# Friedrichsdorf/Taunus - Suche Trails



## flip_4 (3. April 2014)

Bin seit kurzen nach Friedrichsdorf gezogen und kenne mich hier in der Gegend noch nicht aus.
Letztes We bin ich im Taunus (Richtung Wehrheim) unterwegs gewesen, bin aber leider nur Waldautobahn gefahren, da ich überhaubt keine Trails gefunden habe.
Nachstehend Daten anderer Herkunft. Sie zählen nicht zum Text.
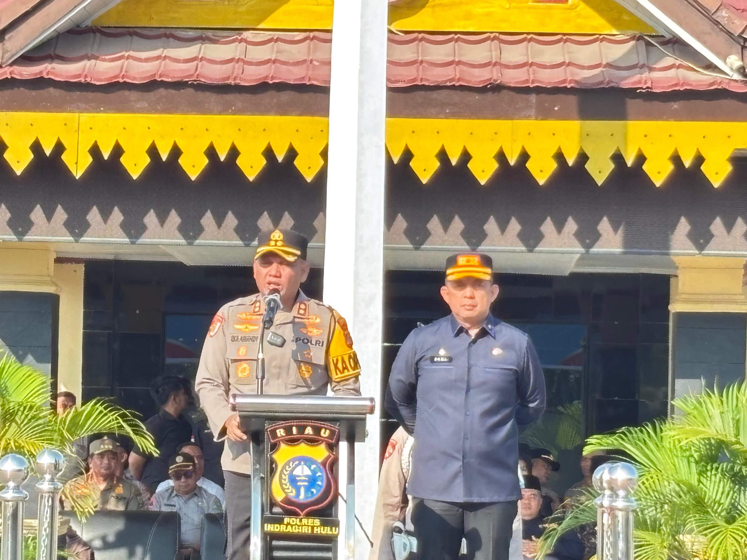 Apel tersebut dipimpin langsung oleh Kapolres Indragiri Hulu AKBP Eka Ariandy Putra, SH., S.I.K., M.Si, bersama Bupati Inhu yang diwakili Sekretaris Daerah Kabupaten Inhu Zulfahmi Adrian, AP., M.Si. Turut hadir sejumlah unsur Forkopimda, di antaranya Ketua DPRD Inhu Sabtu Pradansyah Sinurat, Dandim 0302 Inhu Letkol ARH Bangun Bara Kurniawan Prabowo, SE., M.I.P, Wakapolres Inhu Kompol Lasarus Sinaga, SH., MH, serta perwakilan dari Kejaksaan Negeri, Pengadilan Negeri, Pengadilan Agama, Satpol PP, Senkom, dan para pejabat utama Polres Inhu.

Würde gerne mich mal bei jemanden mit anhängen, da ich mich hier überhaubt nicht auskenne. Am besten wären Enduro-Touren aber auch gerne Downhill Abfahrten, falls es sowas hier gibt. 
Unter der Woche Abends ab 5-6 oder am Wochende wäre am besten.


----------



## Asrael (4. April 2014)

Servus!
Ich arbeite in Friedrichsdorf Burgholzhausen, vielleicht können wir unter der Woche mal was starten. 
Ansonsten schau mal hier http://www.mtb-news.de/forum/t/mountainbike-wochenende-taunus.644125/


----------



## MTB-News.de




----------



## Speedskater (9. April 2014)

Moin Moin,

wenn wir in den Taunus radeln, fahre ich normalerweise durch Friedrichsdorf/Burgholzhausen, da könnten wir dich einsammeln und mitnehmen.
Eine Kurze DH-Strecke gibts hier: N50 16,146 E8 37,880 Richtung Süden.

Gruß
Armin


----------



## mishis (10. April 2014)

HI, ich werde am Samstag Morgen in Seulberg starten und, wenn du willst, können wir ein sehr Traillastige Runde durch den Taunus machen. Alle anderen, die Lust und Zeit haben können natürlich auch mit.
Achtung, bin Hardtail Fahrer und manchmal Bergab nicht ganz so flott. Aber um lustig miteinander auf Tour zu gehen immer bereit. Ich kenne mich auch recht gut hier aus.

Gruß Michael


----------